__Data for this exercise__:

******************************

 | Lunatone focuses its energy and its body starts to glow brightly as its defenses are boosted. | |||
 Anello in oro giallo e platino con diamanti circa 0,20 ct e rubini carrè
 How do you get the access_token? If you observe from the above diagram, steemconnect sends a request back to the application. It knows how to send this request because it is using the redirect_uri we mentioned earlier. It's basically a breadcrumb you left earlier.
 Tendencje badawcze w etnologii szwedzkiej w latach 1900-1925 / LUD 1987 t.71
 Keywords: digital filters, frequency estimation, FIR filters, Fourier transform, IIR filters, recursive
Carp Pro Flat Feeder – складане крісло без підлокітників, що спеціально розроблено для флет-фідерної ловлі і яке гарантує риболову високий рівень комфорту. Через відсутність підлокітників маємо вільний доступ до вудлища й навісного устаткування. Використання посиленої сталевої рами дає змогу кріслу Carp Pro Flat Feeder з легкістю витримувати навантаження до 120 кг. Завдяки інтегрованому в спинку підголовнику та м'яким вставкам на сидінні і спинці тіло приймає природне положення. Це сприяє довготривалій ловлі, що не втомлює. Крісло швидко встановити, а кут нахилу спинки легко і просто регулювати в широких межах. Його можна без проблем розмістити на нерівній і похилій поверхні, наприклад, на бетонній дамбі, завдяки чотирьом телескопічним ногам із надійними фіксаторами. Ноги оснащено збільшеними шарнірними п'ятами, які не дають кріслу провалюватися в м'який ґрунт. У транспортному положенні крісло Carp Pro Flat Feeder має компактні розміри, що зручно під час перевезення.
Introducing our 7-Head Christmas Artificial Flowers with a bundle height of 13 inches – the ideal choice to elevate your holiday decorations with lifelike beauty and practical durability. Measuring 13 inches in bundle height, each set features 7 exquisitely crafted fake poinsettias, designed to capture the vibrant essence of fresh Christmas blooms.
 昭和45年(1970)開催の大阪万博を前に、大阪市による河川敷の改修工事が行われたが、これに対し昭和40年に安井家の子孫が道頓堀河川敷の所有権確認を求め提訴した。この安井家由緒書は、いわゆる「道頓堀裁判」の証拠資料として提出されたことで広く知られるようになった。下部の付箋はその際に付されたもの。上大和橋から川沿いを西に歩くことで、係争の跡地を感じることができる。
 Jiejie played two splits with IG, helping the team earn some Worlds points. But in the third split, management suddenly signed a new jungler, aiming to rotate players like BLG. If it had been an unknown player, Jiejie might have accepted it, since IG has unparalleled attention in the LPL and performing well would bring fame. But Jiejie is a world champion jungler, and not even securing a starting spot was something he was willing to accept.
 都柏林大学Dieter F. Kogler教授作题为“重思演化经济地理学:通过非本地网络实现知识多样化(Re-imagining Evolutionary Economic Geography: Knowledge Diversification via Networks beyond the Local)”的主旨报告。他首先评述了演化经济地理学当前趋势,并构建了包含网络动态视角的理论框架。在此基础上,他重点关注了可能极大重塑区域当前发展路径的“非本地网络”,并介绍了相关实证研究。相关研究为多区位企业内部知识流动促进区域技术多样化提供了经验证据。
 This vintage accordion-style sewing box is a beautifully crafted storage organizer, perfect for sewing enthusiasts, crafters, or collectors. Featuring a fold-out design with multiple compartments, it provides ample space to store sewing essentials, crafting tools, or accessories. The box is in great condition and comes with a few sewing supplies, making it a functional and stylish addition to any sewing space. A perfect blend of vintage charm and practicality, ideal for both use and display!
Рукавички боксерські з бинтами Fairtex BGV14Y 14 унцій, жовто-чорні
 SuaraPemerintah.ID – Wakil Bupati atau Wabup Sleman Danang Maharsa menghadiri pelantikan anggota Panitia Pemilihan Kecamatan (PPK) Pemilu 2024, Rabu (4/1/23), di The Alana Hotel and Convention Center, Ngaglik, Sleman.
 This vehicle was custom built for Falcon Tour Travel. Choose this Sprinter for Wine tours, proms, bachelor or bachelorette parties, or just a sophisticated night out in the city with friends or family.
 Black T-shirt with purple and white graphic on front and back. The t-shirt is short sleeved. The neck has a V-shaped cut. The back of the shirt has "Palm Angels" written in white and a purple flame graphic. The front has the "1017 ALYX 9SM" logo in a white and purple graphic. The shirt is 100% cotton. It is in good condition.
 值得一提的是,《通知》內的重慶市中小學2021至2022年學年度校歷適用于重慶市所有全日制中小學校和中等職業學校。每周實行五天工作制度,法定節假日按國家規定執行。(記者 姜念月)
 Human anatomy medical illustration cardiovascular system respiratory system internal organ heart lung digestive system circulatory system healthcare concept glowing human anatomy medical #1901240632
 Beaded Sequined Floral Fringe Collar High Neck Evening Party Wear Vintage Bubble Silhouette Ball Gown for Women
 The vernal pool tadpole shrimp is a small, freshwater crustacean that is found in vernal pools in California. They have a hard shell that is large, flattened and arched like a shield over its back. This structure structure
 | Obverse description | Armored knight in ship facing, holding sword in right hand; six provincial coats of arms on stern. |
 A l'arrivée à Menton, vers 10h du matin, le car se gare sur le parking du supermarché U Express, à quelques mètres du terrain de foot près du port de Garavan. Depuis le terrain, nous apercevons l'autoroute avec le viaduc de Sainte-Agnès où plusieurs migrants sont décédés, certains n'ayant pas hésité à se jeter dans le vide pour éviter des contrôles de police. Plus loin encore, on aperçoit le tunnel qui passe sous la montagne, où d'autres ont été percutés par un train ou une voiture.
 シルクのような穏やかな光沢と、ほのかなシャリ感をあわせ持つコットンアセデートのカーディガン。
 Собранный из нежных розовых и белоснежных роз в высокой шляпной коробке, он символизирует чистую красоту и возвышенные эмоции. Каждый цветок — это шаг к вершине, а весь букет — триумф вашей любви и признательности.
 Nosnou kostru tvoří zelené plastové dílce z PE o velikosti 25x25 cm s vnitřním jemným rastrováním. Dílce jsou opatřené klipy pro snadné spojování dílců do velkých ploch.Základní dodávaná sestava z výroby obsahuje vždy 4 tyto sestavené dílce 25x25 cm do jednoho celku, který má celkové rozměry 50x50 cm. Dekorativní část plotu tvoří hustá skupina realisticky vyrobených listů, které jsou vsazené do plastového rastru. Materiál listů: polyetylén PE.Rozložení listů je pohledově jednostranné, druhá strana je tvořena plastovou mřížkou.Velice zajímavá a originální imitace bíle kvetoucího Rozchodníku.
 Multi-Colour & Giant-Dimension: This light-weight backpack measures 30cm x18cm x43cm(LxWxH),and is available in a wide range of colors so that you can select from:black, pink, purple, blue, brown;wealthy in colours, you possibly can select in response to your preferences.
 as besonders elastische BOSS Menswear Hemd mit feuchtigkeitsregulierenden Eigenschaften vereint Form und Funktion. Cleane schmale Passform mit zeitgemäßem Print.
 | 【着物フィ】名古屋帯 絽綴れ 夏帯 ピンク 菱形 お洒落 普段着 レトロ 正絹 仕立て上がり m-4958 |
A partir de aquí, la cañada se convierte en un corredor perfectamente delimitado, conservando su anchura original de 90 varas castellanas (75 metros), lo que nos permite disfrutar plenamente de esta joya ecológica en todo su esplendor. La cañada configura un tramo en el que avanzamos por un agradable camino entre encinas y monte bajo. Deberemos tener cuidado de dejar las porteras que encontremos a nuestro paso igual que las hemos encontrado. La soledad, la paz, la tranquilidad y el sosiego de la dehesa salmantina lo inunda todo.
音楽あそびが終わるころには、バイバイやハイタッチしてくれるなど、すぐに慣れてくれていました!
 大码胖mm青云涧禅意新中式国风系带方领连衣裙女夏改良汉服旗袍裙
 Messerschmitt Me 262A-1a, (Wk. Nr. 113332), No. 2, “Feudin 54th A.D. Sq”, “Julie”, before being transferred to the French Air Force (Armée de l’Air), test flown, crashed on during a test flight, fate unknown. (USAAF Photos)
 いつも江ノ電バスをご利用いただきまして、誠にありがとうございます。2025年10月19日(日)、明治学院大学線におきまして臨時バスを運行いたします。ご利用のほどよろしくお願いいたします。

******************************

__Activity__: Determine the number of lines in the data above that contain the word "from", and provide only that figure.

__Answer space__: 2